What were your greatest concerns returning home?
It was kind of scary after the transplant because at the end of it we were still going through, “Are our levels ok?” You don’t know what really to expect. Will I know if he has a fever? Will I know if he’s not feeling well? What if he goes into septic shock? Where do I go? How close am I to the ER facility?
It was all of this… and because gene therapy was one of the newer treatments, they were really watching him. Other kids did fine with the chemotherapy but he didn’t. He had blisters. He couldn’t eat. We lost our feeding during that phase. He needed around the clock all of these regimens to get him to eat. He lost a lot of hair. It definitely affected him a little bit at home.
What resources helped you with information for preparing for home?

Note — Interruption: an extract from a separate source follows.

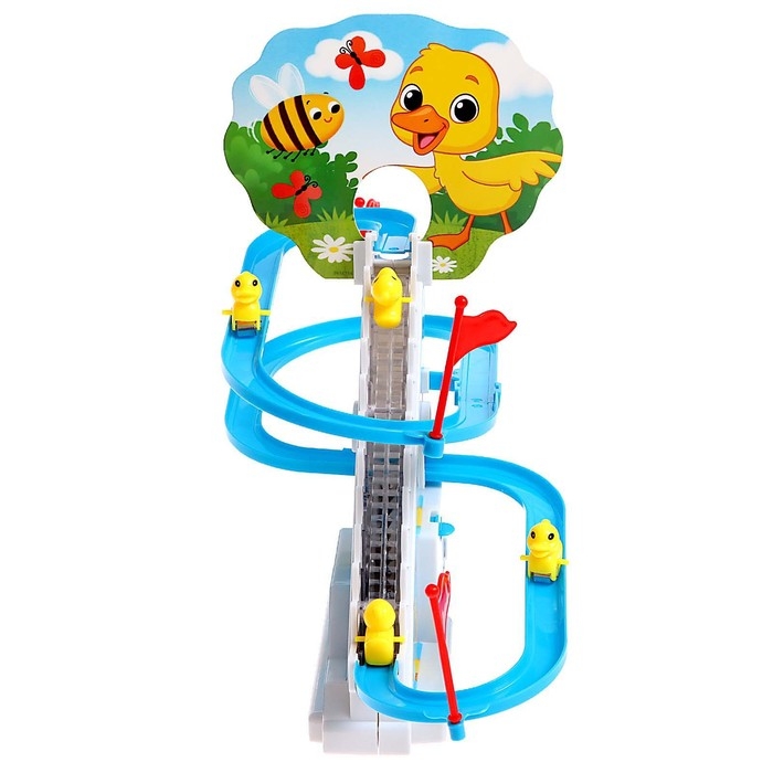 - Утята сами поднимаются по эскалатору и скатываются с горки.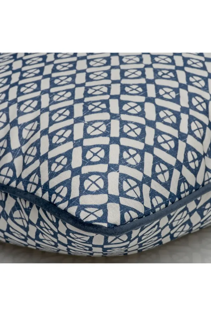 Designed in collaboration with Sophie Paterson this soft and plump cushion is an outdoor version of our classic Audley design. The stylish geometric diamond pattern is printed on smooth polyester material with a shower-resistant finish. This cushion will add sophistication to your outdoor living area.This outdoor cushion is printed on a polyester cloth with a shower-resistant finish which is also anti-mold, anti-mildew, and anti-microbial and has been filled with a hollow fiber pad. We do recommend, however, that these scatter cushions are looked after carefully and are best used in dry weather. As with most outdoor textiles, they prefer to be stored inside when they are not being used, or during periods of wet, cold, or damp weather. - Blue

We used Heather Smith’s support group, SCID Angels for Life, and they were probably the only reason I was able to get through this thing sanely. Each day I thought, “I don’t know how I’m going to get through the day.” The support groups were really helpful…. A lot of families were 30 and 60 days ahead of me in the gene therapy trial, so I used them as resources.
Also, make sure you stay in touch with your immunologist.
What advice would you give to parents as they ready themselves to return back home with their baby?
The biggest thing is being your child’s advocate and not being afraid of being it. Reach out to your immunologist as soon as possible… It’s being your child’s advocate and really getting involved and I know it’s scary and hard but at least getting in touch with Heather Smith’s SCID Angels puts you in touch with others who have the same kind of SCID.
What else would you like parents to know?
SCID has taught me if something happens, I won’t be able to live with myself, because it’s so real. Even in the hospital, I had a sign that said, “Please check with mom before touching the baby.” They thought I was crazy but he didn’t get sick for the longest time because of it.
My son is 5 years old now and we are dealing with the effects of his disease. We are trying to find balance between protecting him and allowing him to live. This has been difficult and may always be.